Artrosi del ginocchio

ARTROSI DEL GINOCCHIO o GONARTROSI

 COS’È UN’ARTICOLAZIONE

Le articolazioni (ginocchio, anca, caviglia, etc ) sono costituite dalle parti terminali di due ossa e sono circondate da tessuti molli quali la capsula, i legamenti, i muscoli, i tendini e da una sottile membrana sinoviale che produce un liquido (ricco di acido ialuronico) che lubrifica l’articolazione stessa; ad esempio il ginocchio è formato dall’estremità superiore dell’osso della gamba, la tibia, e dall’estremità inferiore dell’osso della coscia, il femore; a queste due ossa si aggiunge un osso breve, chiamato rotula . La superficie dell’osso che entra a far parte di un’articolazione è ricoperto da un sottile e levigato strato di tessuto chiamato cartilagine, che consente di ridurre l’attrito e il carico tra le due superfici ossee contrapposte, separate anche dalla presenza di due menischi.

Quando la cartilagine è danneggiata per malattie come l’artrosi o malattie infiammatorie quali l’artrite reumatoide, in seguito a traumi o per deviazioni assiali degli arti inferiori, compare il dolore e l’articolazione è limitata nelle sue normali funzioni; tutto ciò limita le normali attività quotidiane.

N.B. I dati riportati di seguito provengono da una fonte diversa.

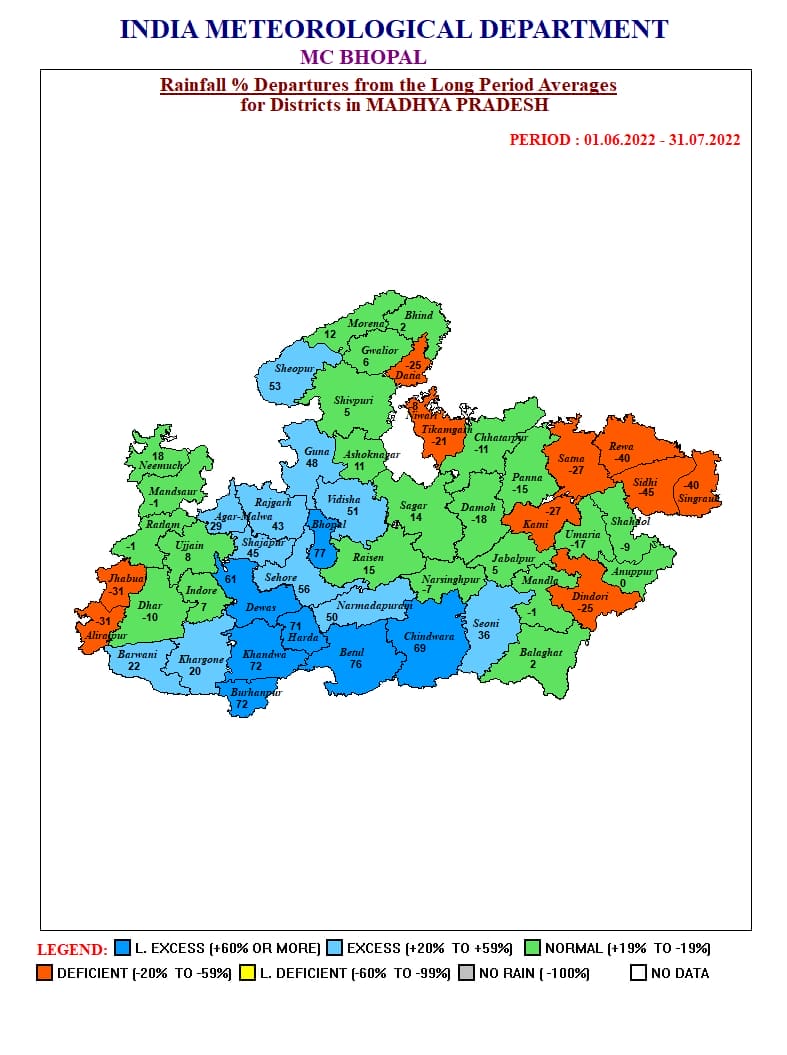 मौसम विभाग (MP Weather Rain Forecast) के अनुसार, वर्तमान में मानसून ट्रफ फिराेजपुर, राेहतक, मेरठ, गाेरखपुर, मुजफ्फरपुर, अगरतला हाेते हुए बांग्लादेश तक जा रहा है। हालांकि मध्य प्रदेश काे प्रभावित करने वाला कोई वेदर सिस्टम एक्टिव नहीं है लेकिन तराई में गई मानसून ट्रफ के दाे अगस्त के बाद फिर सामान्य स्थिति में आने की संभावना है। दाे अगस्त के आसपास उत्तर प्रदेश पर हवा के ऊपरी भाग में भी एक चक्रवात बनने के संकेत मिले हैं, इससे फिर बारिश का दौर शुरू हो सकता है।

 COS’E’ L’ARTROSI DEL GINOCCHIO

La gonartrosi od artrosi del ginocchio è una delle maggiori cause di inabilità funzionale dell’anziano ed in entrambi i sessi; l’usura, la degenerazione  e la riduzione dello spessore della cartilagine articolare causa una maggior attrito tra le superfici ossee, sviluppando una serie di sintomi quali: il dolore, il gonfiore, la limitazione articolare, la zoppia ed una graduale riduzione delle normali attività quotidiane quali la deambulazione e salire e scendere le scale. Molti fattori possono incrementare il rischio di sviluppare un’artrosi del ginocchio:

  • età avanzata Artrosi del ginocchio - immagine x testo - 02.png
  • familiarità ed ereditarietà
  • sovrappeso
  • deviazioni assiali degli arti inferiori (ginocchio varo o valgo)
  • sesso, maggiormente colpite sono le donne sopra i 50-60 anni
  • esiti di traumi
  • sport di alto contatto o lavori altamente usuranti per le ginocchia
  • malattie infiammatorie, reumatiche e dismetaboliche

Una diagnosi di gonartrosi comincia con una visita specialistica ortopedica, che deve essere completata da un esame radiografico da fare in piedi che evidenzierà l’entità della degenerazione artrosica; talvolta può essere necessaria, nella fase iniziale dell’artrosi, una Risonanza Magnetica. Altri test (esami ematici, etc.) possono essere richiesti qualora ci sia ragione di credere che altre condizioni (artrite reumatoide, processi infiammatori) contribuiscono al processo degenerativo.

Artrosi del ginocchio - immagine x testo - 04
RX di ginocchio sano RX di ginocchio artrosico

TRATTAMENTO DELL’ARTROSI DEL GINOCCHIO

Nei casi iniziali il trattamento proposto è con terapie mediche (farmaci antinfiammatori,integratori cartilaginei,etc.)  e/o fisioterapiche. Si può associare una terapia infiltrativa con acido ialuronico, che lubrifica l’articolazione, o un trattamento con fattori di crescita piastrinica.

Nel caso tali trattamenti non consentono un’adeguata riduzione del dolore è opportuno pensare ad un intervento chirurgico. L’intervento di cosiddetta pulizia articolare (debridment artroscopico) ha una serie di limitazioni non avendo più al giorno d’oggi lo stesso ruolo del passato considerando anche l’estrema validità dei trattamenti con acido ialuronico e con fattori di crescita piastrinica. Ove l’artrosi interessa solo un compartimento del ginocchio, come accade nelle deviazioni assiali in valgismo e in varismo che sovraccaricano solo una delle due parti del ginocchio, può essere proposta l’osteotomia, intervento che mira a riallineare l’asse dell’arto inferiore, ridistribuendo in modo più fisiologico gli assi di carico. E’ un intervento indicato nelle artrosi limitate ad un solo dei due compartimenti del ginocchio, in individui tra i 40 e i 60 anni, attivi e ancora giovani per affrontare un intervento di protesizzazione sia mono che tricompartimentale. Ove l’artrosi sia estesa e la sintomatologia correlata fosse grave, l’indicazione chirurgica è una protesi di ginocchio totale.